According to Russell and Airasian (2012), the most common type of evaluation that students receive in a typical classroom is grades. Grades provide a convenient summary of students’ performance, inform all interested parties of students’ achievement and provide grounds for making critical educational decisions. Furthermore, grades support the students’ administrative and registration purpose. Grades also help counsellors to provide guidance and motivations to students.
In a study of the evaluation process of Iranian nursing students, Vaismoradi and Parsa-Yekta’s (2010) findings suggest that assessment of learning is highly correlated to the factual objectivity of the assessments grades. Hence, a proper evaluation can be an arduous task fraught with indecision and frustration. The main concern for students as well as their instructors is the lack of consistency and uncertainty in the traditional (human) evaluation process. Various types of errors related to the traditional evaluation process, such as the HALO effect, the gentle effect, the generosity error, the Pygmalion effect and the contamination effect, are further identified and explained in the works of Palea et al. (2017) and Stangl (2013).
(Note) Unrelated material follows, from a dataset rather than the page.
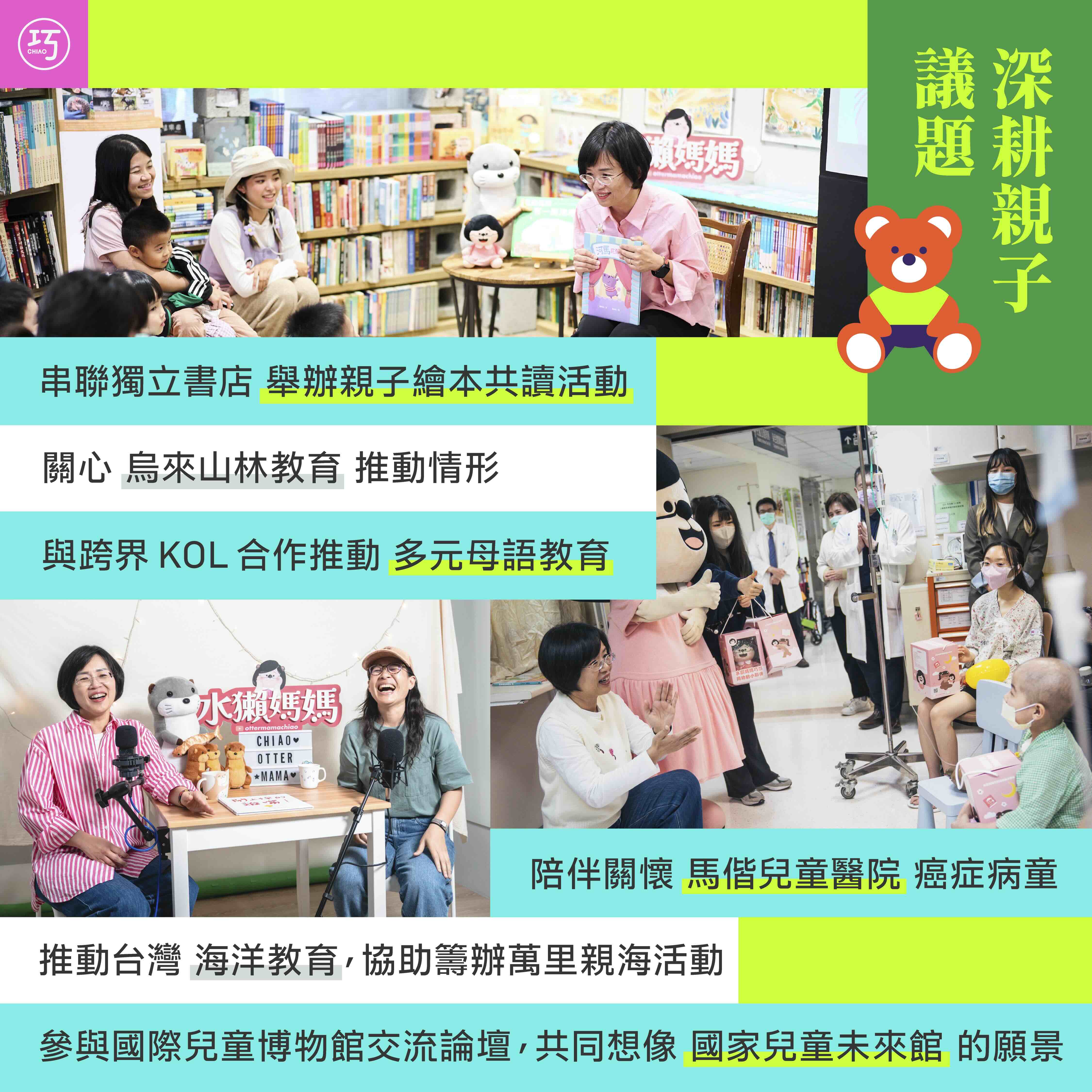 過去五年來,《水獺媽媽巧巧話》致力於用豐富的故事陪伴孩子成長、用有趣的內容創造更棒的母語學習環境。今年八月,我們來到永和綠書店,首次舉辦水獺媽媽線下實體活動。現場的大朋友小朋友一下組成即興樂隊,一下從繪本裡挖掘生態議題,一下又用台語合唱生日快樂歌,大家的笑聲此起彼落不停止!感謝大家過去五年來對《水獺媽媽巧巧話》的支持,未來我也會繼續用說故事陪伴孩子成長,成為家長的最強隊友!

And while there is no suggestion in the literature that automating evaluation will remove all these problems completely, the authors of this paper believe that the automation of evaluation will most definitely reduce the likelihood of such problems. Consequently, applying digital/automatic grading can improve the objectivity of the assessment’s evaluation.
In fact, a proper evaluation of students affects their learning performance. Hence, the works of Wang et al. (2008) and Taşci et al. (2014) suggest the elimination of human evaluation’s error and subjectivity by utilising and executing a proper computerised assessment and grading will positively affect student performance and satisfaction.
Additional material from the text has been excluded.